Muscle contraction events describing the sliding-filament concept are listed as follows.

    • ATP binds to a myosin head and forms ADP + P i. When ATP binds to a myosin head, it is converted to ADP and P i, which remain attached to the myosin head.
    • Ca 2+ exposes the binding sites on the actin filaments. Ca 2+ binds to the troponin molecule, causing tropomyosin to expose positions on the actin filament for the attachment of myosin heads.
    • When attachment sites on the actin are exposed, the myosin heads bind to actin to form cross bridges.
    • ADP and P i are released, and a sliding motion of actin results.

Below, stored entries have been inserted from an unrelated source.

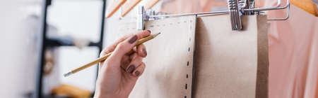 Cropped view of designer with pencil near sewing patterns in atelier, banner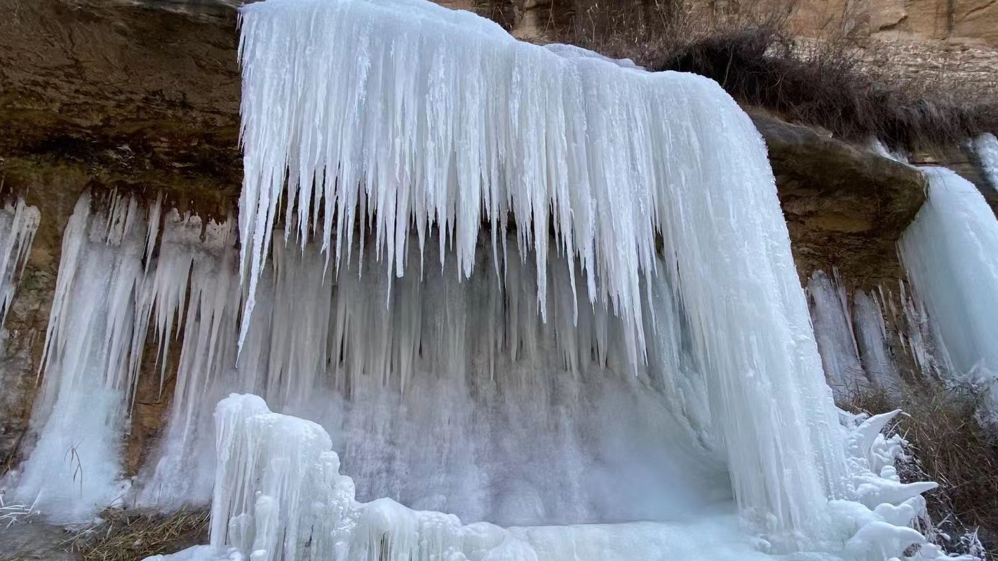 重庆城口:冰瀑“悬”山间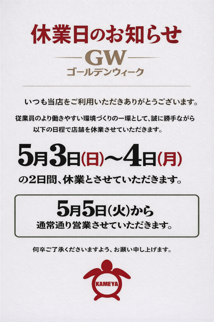 ゴールデンウィーク期間中の営業のご案内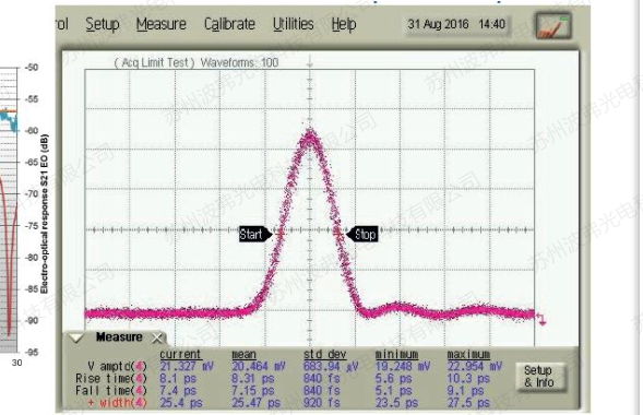 除了调制器,iXblue还提供高频信号放大器(调制器驱动)和控制系统(Modulator Bias controler,调制器偏压控制-MBC).这个产品对于客户的应用做最大的优化:优化消光比的稳定性,超短上升沿的脉冲。
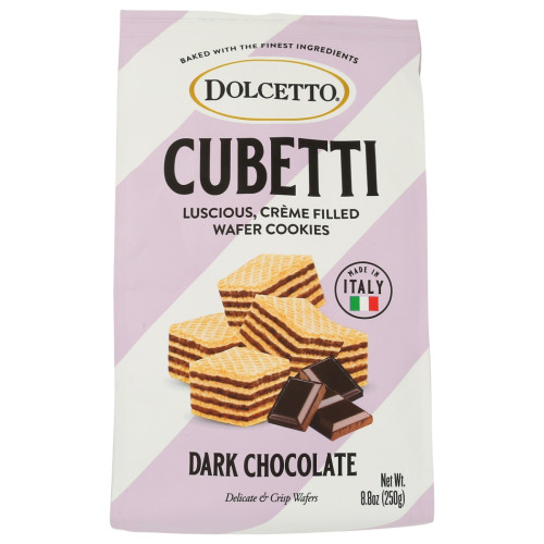 Dolcetto Cubetti wafers are crafted in Italyâs countryside by artisanal bakers whose mission is to bring you Cubettiâs signature texture and taste â light and crisp with a creamy richness that melts in your mouth. Our bakers select the finest Italian ingredients for our delicate wafer cookies and bake them to golden perfection. The dark chocolate, carefully blended to achieve a balanced smoothness and creamy taste, is gently folded in between 5 layers of delicately crisp wafers.

The attachment of cross bridges between myosin and actin causes the release of ADP and P i. This, in turn, causes a change in the shape of the myosin head, which generates a sliding movement of the actin toward the center of the sacromere. This pulls the two Z discs together, effectively contracting the muscle fiber to produce a power stroke.
    • ATP causes the cross bridges to unbind. When a new ATP molecule attaches to the myosin head, the cross bridge between the actin and myosin breaks, returning the myosin head to its unattached position.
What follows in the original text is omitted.